South African captain Graeme Smith voiced his conditional approval for the UDRS in a more measured manner. "Technology is obviously an important way forward in cricket. It will be beneficial to the game and the players are behind. I think if the Umpire Decision Review System (UDRS) is going to be successful it needs to be implemented properly by the ICC and not on a 50/50 basis like we have seen so far," Smith said. "It must be used all of the time and not for selective series' like we see now."

Recent history may explain Smith's issue with consistency. In their last four Test series, South Africa have used the UDRS three times. They first used it against Australia in the 2008-09 season, then against England at home last season and, most recently, in their three-test series in the West Indies in June. They did not use it in the series in India in February this year, when the choice lay with the hosts.

India have made no secret of their dislike for the system since they first used it in a series against Sri Lanka in 2008. In the three-Test series, India made only one successful review, compared to Sri Lanka's 11. They haven't used it since then, with senior players such as Sachin Tendulkar openly saying they prefer Hot Spot, as they feel it is a more accurate tool for establishing contact between bat and ball or pad.
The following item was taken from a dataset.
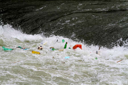 Rubbish emerging from the waves of the Tiber River in Rome

There is the possibility that Hot Spot will be used during the South Africa-India series, even though it wasn't part of the production in the recently-completed series between South Africa and Zimbabwe. Hotspot was used during the home series against England. The broadcasting rights have since changed hands. Previously the national broadcaster, the South African Broadcast Corporation, was responsible for the production; now Supersport is. Both services still broadcast live matches.

The exact technology tools to be used in the series will be decided in the coming weeks. It is almost certain that South Africa will have ball-tracking technology, Super Slo-Mo and a clear stump mike, the three requirements needed for the UDRS system, should India change their mind. The first Test starts in Centurion on December 16.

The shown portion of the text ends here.